**Data**.
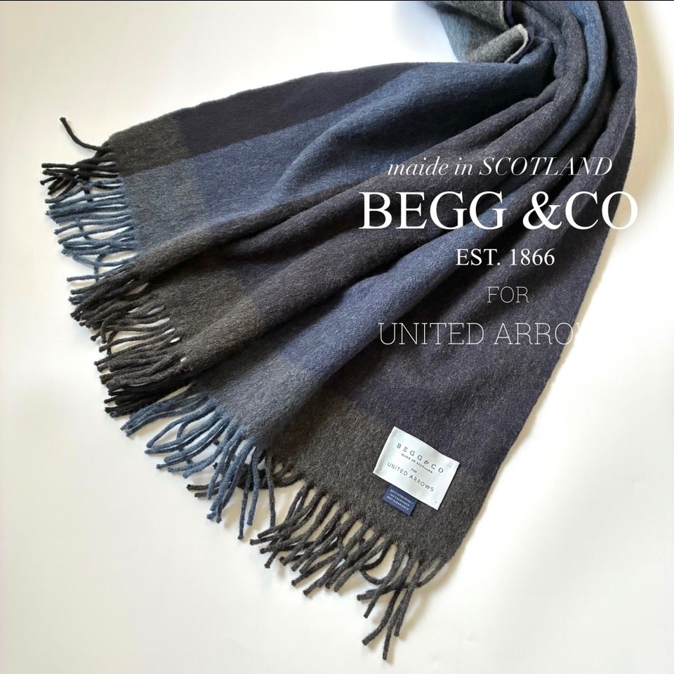 BEGG-CO UNITED ARROWS 別注 ウールカシミヤ ビッグストライプ マフラー 大判
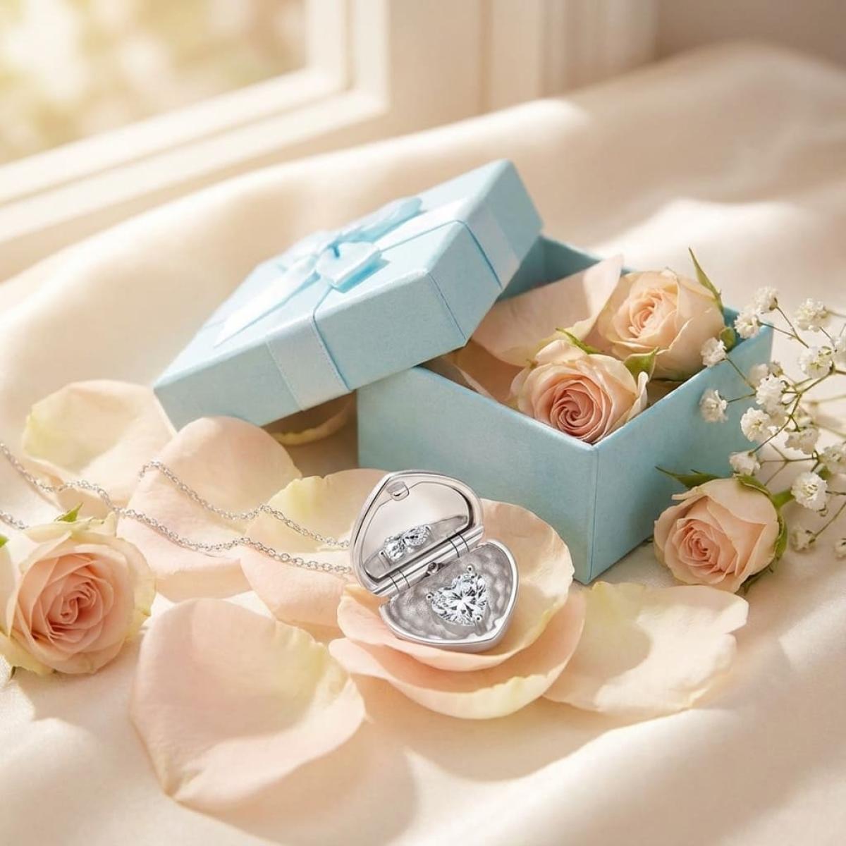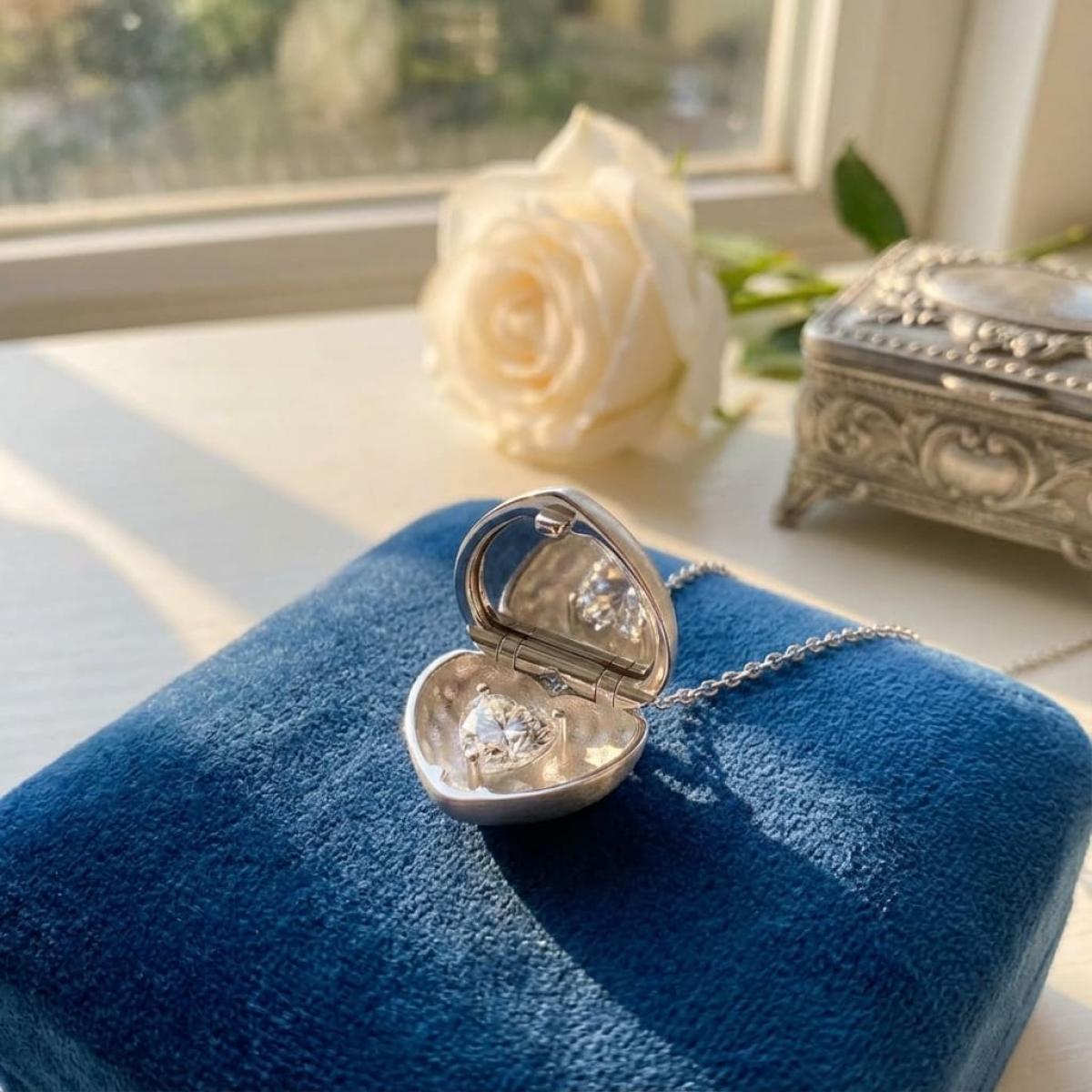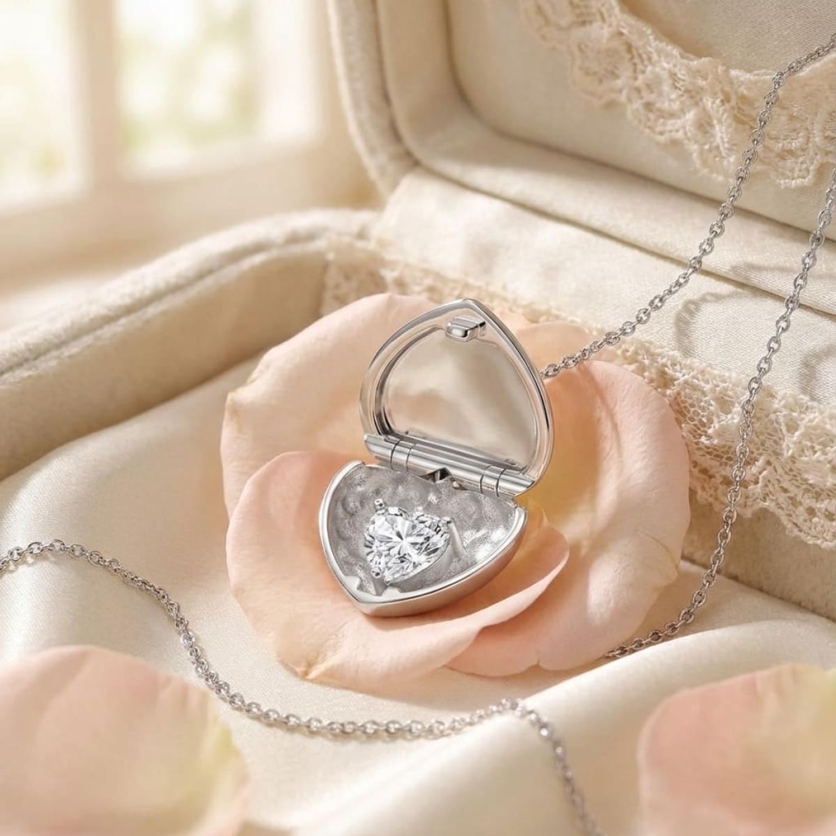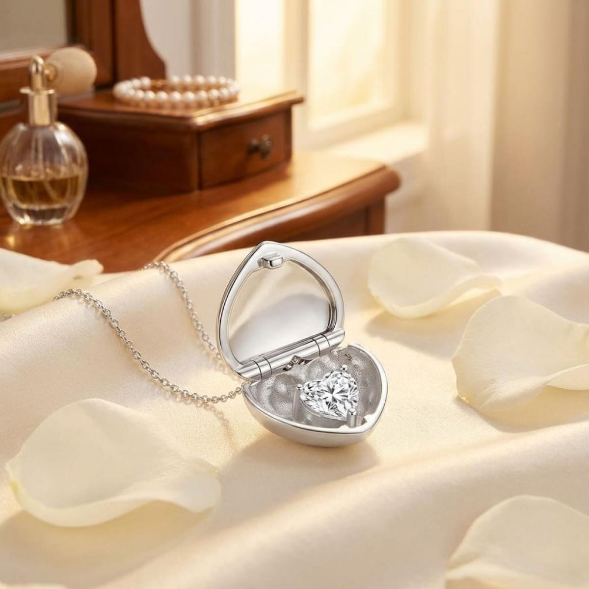 Голям бял циркон във формата на сърце е вграден в това уникално отварящо се колие. Ако искате инересен и креативен подарък, това колие е точно за вас. Имаме възможност да гравираме скрито послание във вътрешността му - така думите и пожеланията Ви ще останат неприкосновени <3
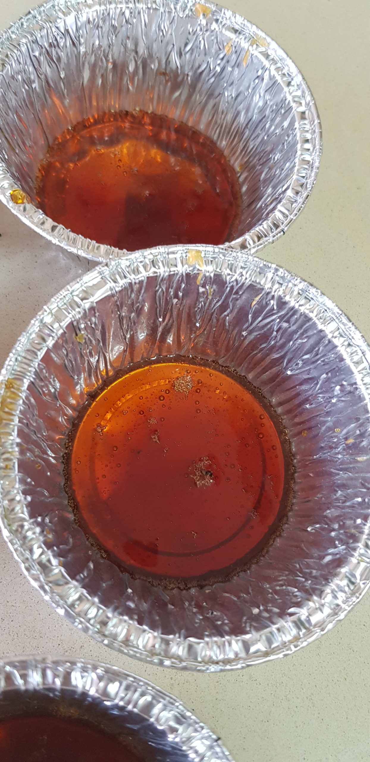 5. Versez la crème pâtissière dans les ramequins préparés, placez les ramequins dans un grand plat à rôtir (bain-marie). Ajoutez délicatement l’eau bouillante dans le bac jusqu’à ce qu’elle soit à mi-hauteur des côtés des ramequins.
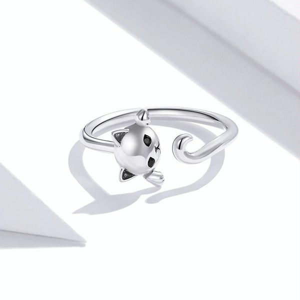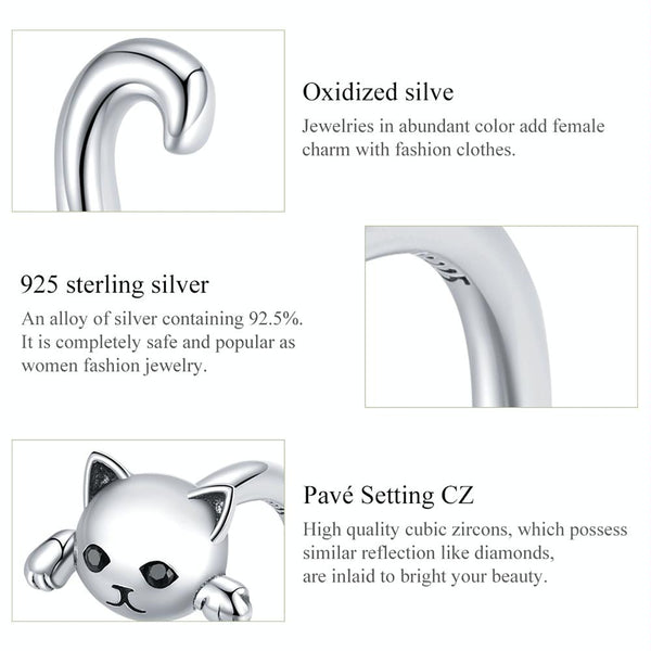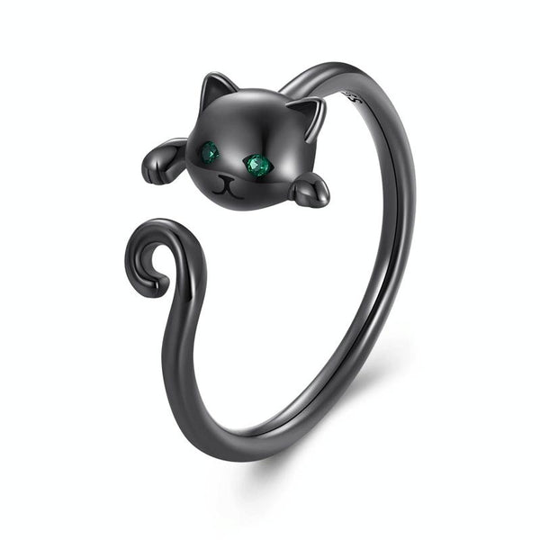 S925 Sterling Silver Cute Cat Women Open Ring (Black)
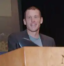 On May 20, 2010, former U.S. Postal teammate Floyd Landis – who had previously been stripped of the 2006 Tour title after a positive drug test – accused Armstrong of doping in 2002 and 2003.[44] Landis also claimed that Postal team director Johan Bruyneel had bribed Hein Verbruggen, former president of the Union Cycliste Internationale (UCI), to keep quiet about a positive Armstrong test in 2002.[45][46] Landis admitted there was no documentation supporting his claims.[47] However, in July 2010 the president of the UCI, Pat McQuaid, confirmed that Armstrong made two donations to cycling's governing body: $25,000 in 2002, used by the juniors anti-doping program, and $100,000 in 2005, to buy a blood testing machine.[48]
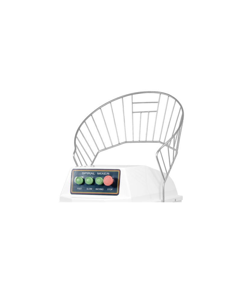 Dzieża o pojemności 40 litrów i średnicy wewnętrznej 450mm jest trwale zamocowana, co zapewnia stabilność podczas pracy. Maksymalny wsad ciasta wynosi 16kg, co pozwala na przygotowanie dużych partii. Bezpieczeństwo użytkowania podnosi solidna osłona ochronna ze stali nierdzewnej, skutecznie zapobiegająca przypadkowemu dostaniu się rąk lub przedmiotów do dzieży. Praktyczne otwory wsypowe umożliwiają wygodne dodawanie składników w trakcie procesu wyrabiania ciasta.
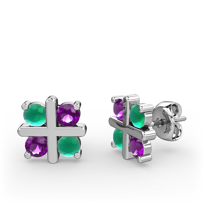 Kök zümrüt ve ametist 14 ayar beyaz altın küpe
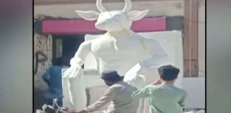 A “Baal” statue caused alarm in the Mehran Town area of Karachi, prompting objections from residents after a video of the structure circulated on social media.

**What you need to do**. To complete this exercise, transcribe exactly the lines above from the one that holds "S925 Sterling Silver" through the one that holds "On May 20, 2010, former". Pictures stay out.

**Task solution**.
 S925 Sterling Silver Cute Cat Women Open Ring (Black)
 On May 20, 2010, former U.S. Postal teammate Floyd Landis – who had previously been stripped of the 2006 Tour title after a positive drug test – accused Armstrong of doping in 2002 and 2003.[44] Landis also claimed that Postal team director Johan Bruyneel had bribed Hein Verbruggen, former president of the Union Cycliste Internationale (UCI), to keep quiet about a positive Armstrong test in 2002.[45][46] Landis admitted there was no documentation supporting his claims.[47] However, in July 2010 the president of the UCI, Pat McQuaid, confirmed that Armstrong made two donations to cycling's governing body: $25,000 in 2002, used by the juniors anti-doping program, and $100,000 in 2005, to buy a blood testing machine.[48]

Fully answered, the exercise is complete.